Por tanto, después de que el conocimiento de Dios y el alma nos han convencido de la cer­teza de esta regla, es fácil conocer que los sueños que imaginamos cuando dormimos, no deben en forma alguna hacernos dudar de la verdad de los pensamientos que tenemos cuan­do estamos despiertos. Pues, si sucediese, inclusive durmiendo, que se tuviese alguna idea muy distinta como, por ejemplo, que algún geómetra lograse alguna nueva demostra­ción, su sueño no impediría que fuese verdad. Y en relación con el error más común de nuestros sueños, consistente en representamos diversos objetos de la misma forma que la obtenida por los sentidos exteriores, carece de importancia el que nos dé ocasión para des­confiar de la verdad de tales ideas, pues pueden inducirnos a error frecuentemente sin que durmamos como sucede a aquellos que padecen de ictericia que todo lo ven de color ama­rillo o cuando los astros u otros cuerpos demasiado alejados nos parecen de tamaño mucho menor del que en realidad poseen. Pues, bien, estemos en estado de vigilia o bien durma­mos, jamás debemos dejarnos persuadir sino por la evidencia de nuestra razón. Y es preci­so señalar, que yo afirmo, de nuestra razón y no de nuestra imaginación o de nuestros sen­tidos, pues aunque vemos el sol muy claramente no debemos juzgar por ello que no posea sino el tamaño con que lo vemos y fácilmente podemos imaginar con cierta claridad una cabeza de león unida al cuerpo de una cabra sin que sea preciso concluir que exista en el mundo una quimera, pues la razón no nos dicta que lo que vemos o imaginamos de este modo, sea verdadero.
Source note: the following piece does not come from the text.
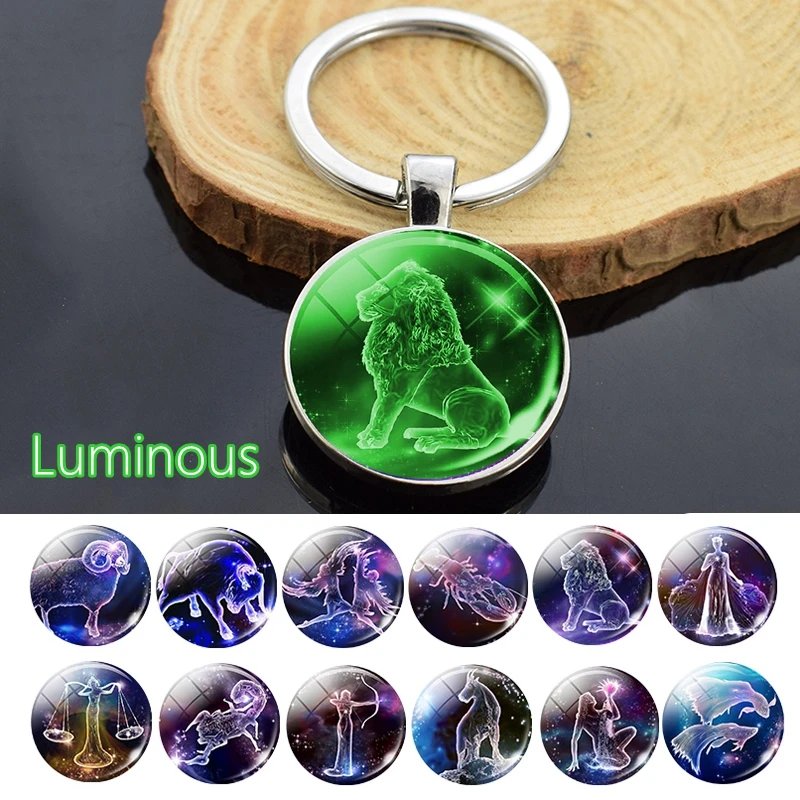 Светится в темноте брелок для ключей 12 созвездий, двухсторонний светящийся брелок со знаком зодиака, подвеска, брелок, подарок на день рождения

Por el contrario nos dicta que todas nuestras ideas o nociones deben tener algún fundamento de verdad, pues no sería posible que Dios, que es sumamente per­fecto y veraz, las haya puesto en nosotros careciendo del mismo. Y puesto que nuestros razonamientos no son jamás tan evidentes ni completos durante el sueño como durante la vigilia, aunque algunas veces nuestras imágenes sean tanto o más vivas y claras, la razón nos dicta igual­mente que no pudiendo nuestros pen­samientos ser todos verdaderos, ya que nosotros no somos omniperfectos, lo que existe de verdad debe encontrarse infaliblemente en aquellos que tenemos estando despiertos más bien que en los que tenemos mientras so­ñamos.